The Coca Cola company has invested over $1 billion dollars building a market for its products in India, but the company’s welcome has been less than effervescent, considering the contentious issues raised by the company’s business practices.
The company uses thousands of liters of water every year to make its well known drink and to clean bottles and machinery. The water is drawn from wells and aquifers it shares with neighboring farmers. The water is virtually free to all users, however, in a land with a completely irrational groundwater policy (where, if you have the means and the resources, you can extract as much groundwater as you like and use as much as you want at no cost), the company ends up using most available water at the expense of its low income farmers.

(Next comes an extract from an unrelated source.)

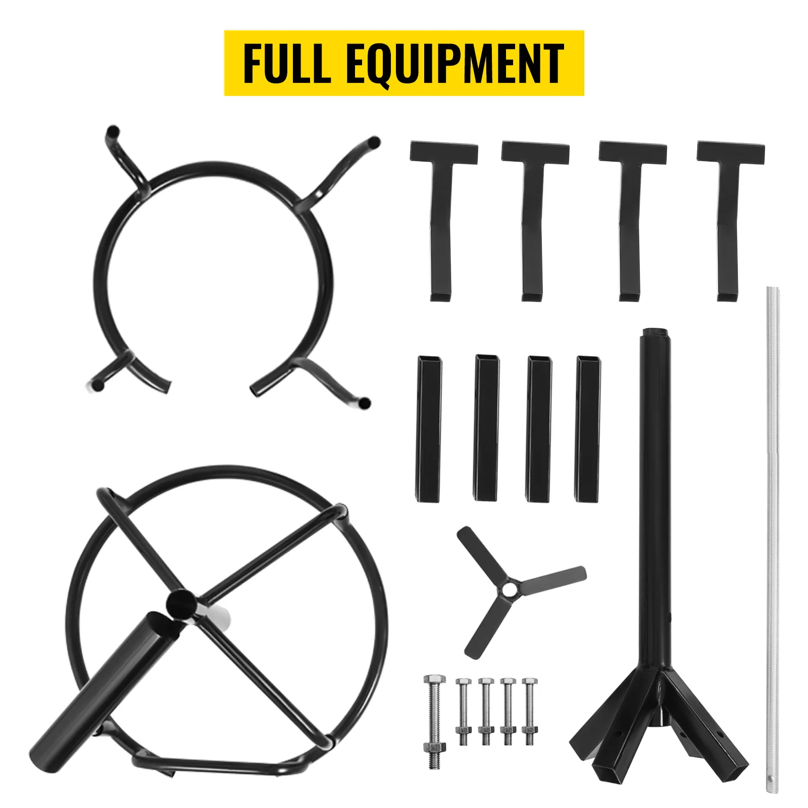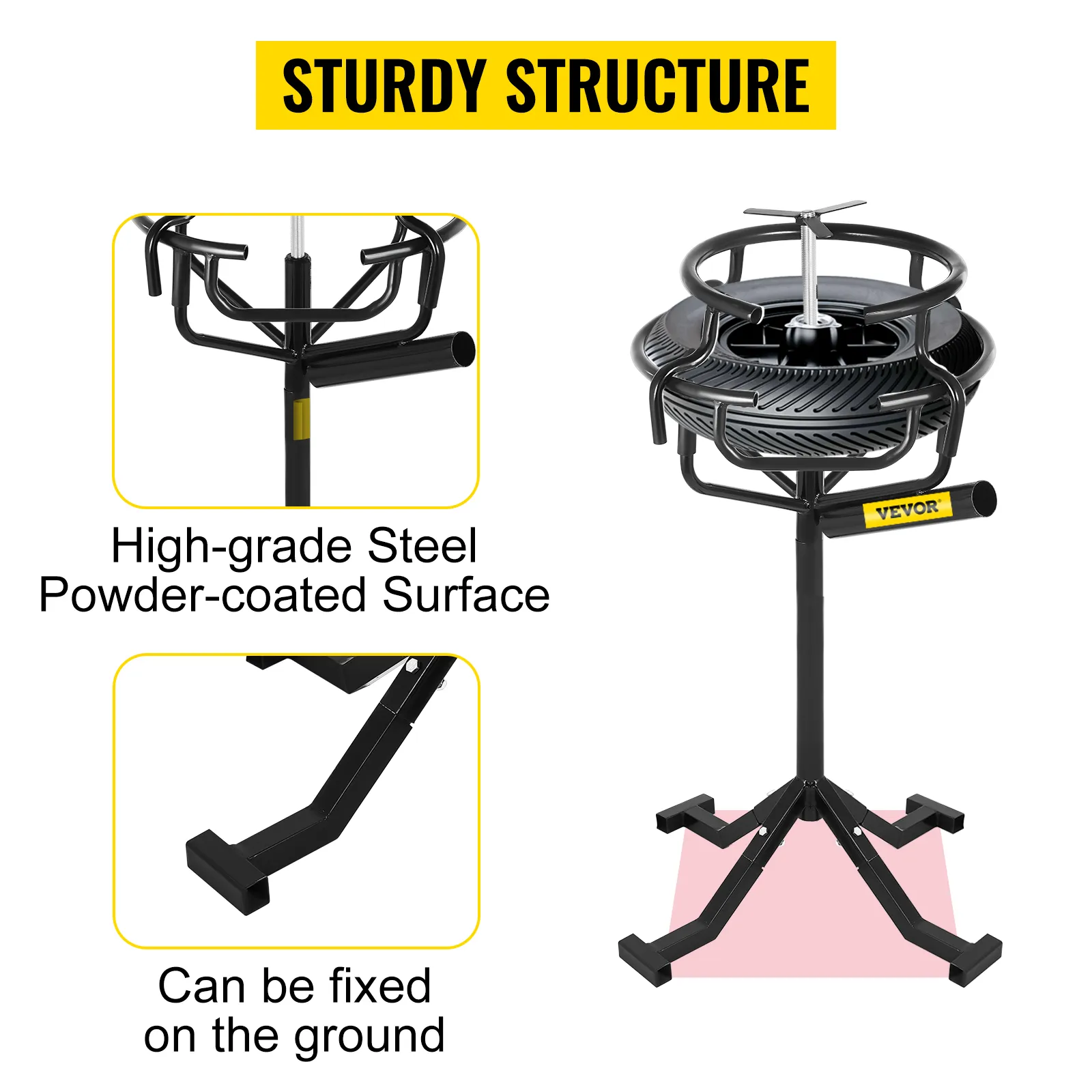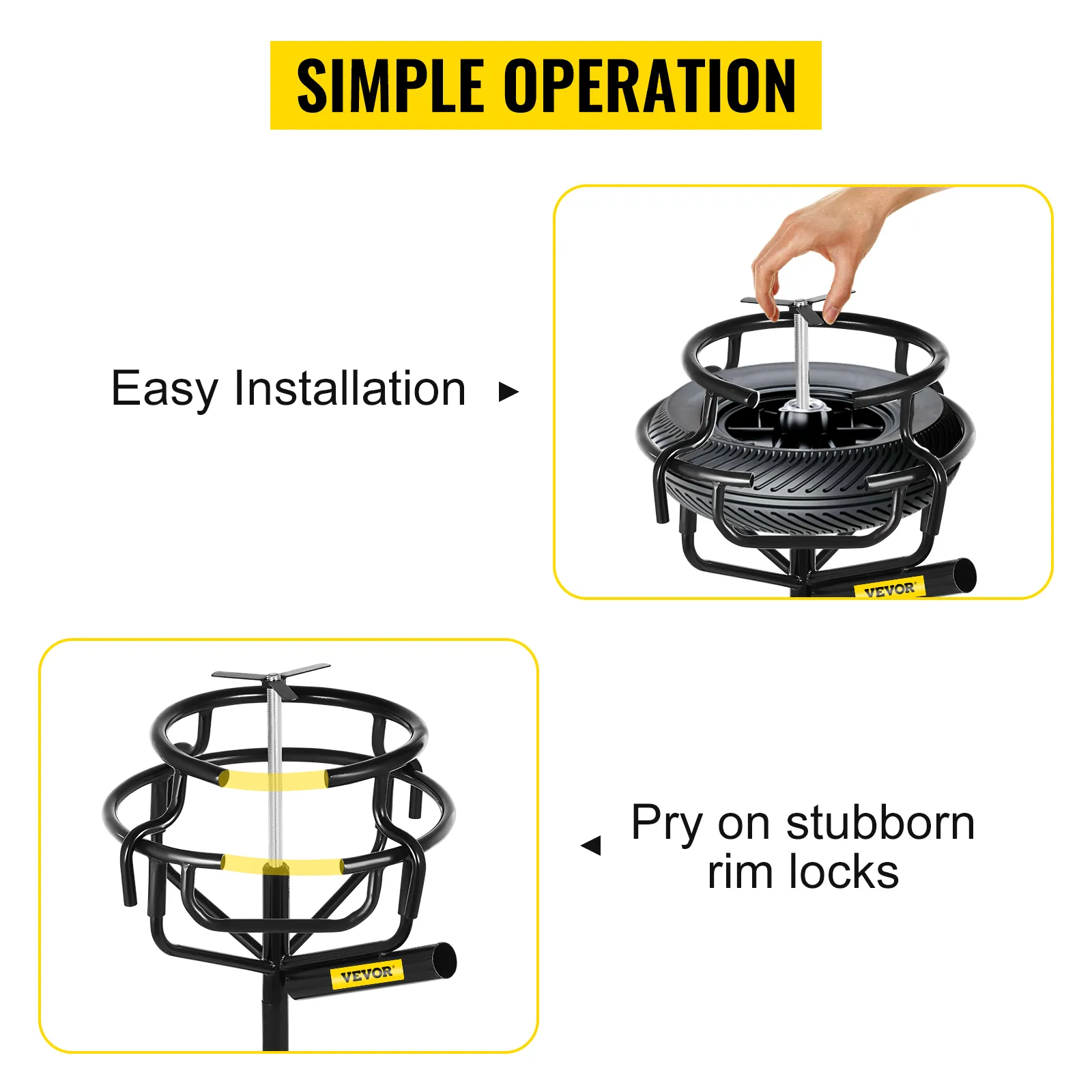 El soporte para cambio de neumáticos cuenta con bases de 20" y 15" para ruedas de diferentes tamaños y espacios de bloqueo de llanta para aflojar los bloqueos de llanta rebeldes. El espárrago del eje con muescas y el anillo recubierto de goma sujetan la llanta firmemente.

The fields surrounding Coca Cola factories in India were once fertile enough to grow rice and other staples. However, since the factories have opened, the water levels have shrunk dramatically, not to mention that toxic waste-waters have changed the chemical nature of the soil. Many farmers have now become farm laborers who completely depend upon rainwater for their survival.
Following the media attention pursuant to an outcry by local farmers, Coca Cola has agreed to subsidize a sizeable portion of the cost of water-efficient drip irrigation systems for Indian farmers. The company has also set up concrete collection systems for rainwater, and Coca Cola CEO Atul Singh claims that by the end of 2009, the company will become “water-neutral,” returning at least as much groundwater as it withdraws in India.